▶ **TASK ITEM**: The result should be every line of the listing that contains "Polar".

▶ **DATA SEGMENT**:

-------------------------

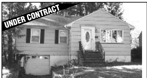
262 PLAINFIELD AVENUE
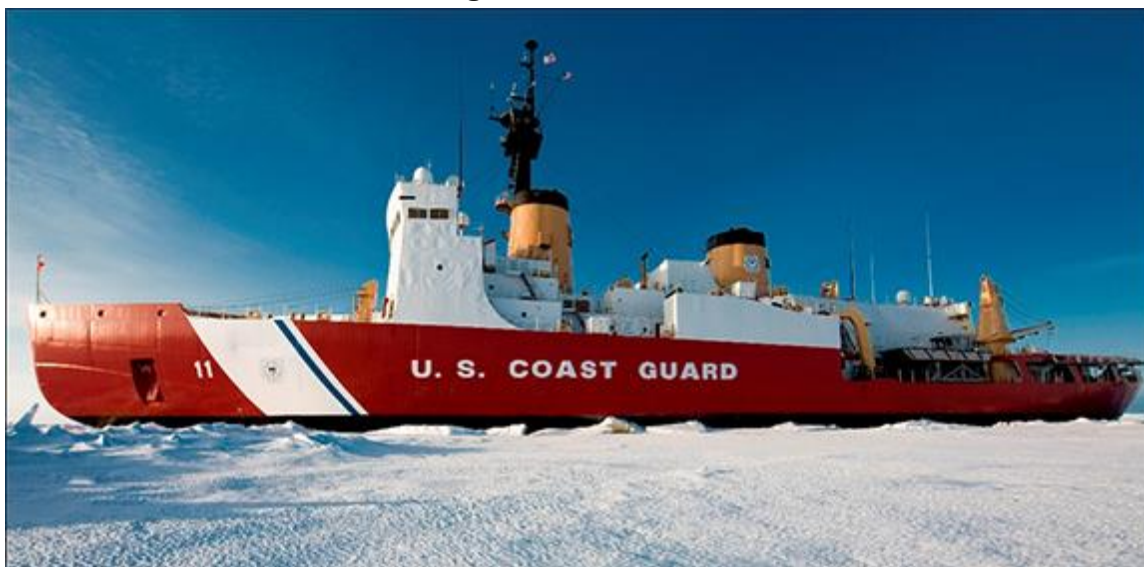
Figure A-2. Polar Sea

Source: Coast Guard photograph that was accessed April 21, 2011, at http://www.uscg.mil/pacarea/cgcpolarsea/img/PSEApics/FullShip2.jpg (link no longer active). The photograph accompanies Associated Press, “Reprieve for Seattle-Based Icebreaker Polar Sea,” KOMO News, June 15, 2012, posted at https://komonews.com/news/local/reprieve-for-seattle-based-icebreaker-polar-sea .

-------------------------

▶ **RESPONSE AREA**:
Figure A-2. Polar Sea
Source: Coast Guard photograph that was accessed April 21, 2011, at http://www.uscg.mil/pacarea/cgcpolarsea/img/PSEApics/FullShip2.jpg (link no longer active). The photograph accompanies Associated Press, “Reprieve for Seattle-Based Icebreaker Polar Sea,” KOMO News, June 15, 2012, posted at https://komonews.com/news/local/reprieve-for-seattle-based-icebreaker-polar-sea .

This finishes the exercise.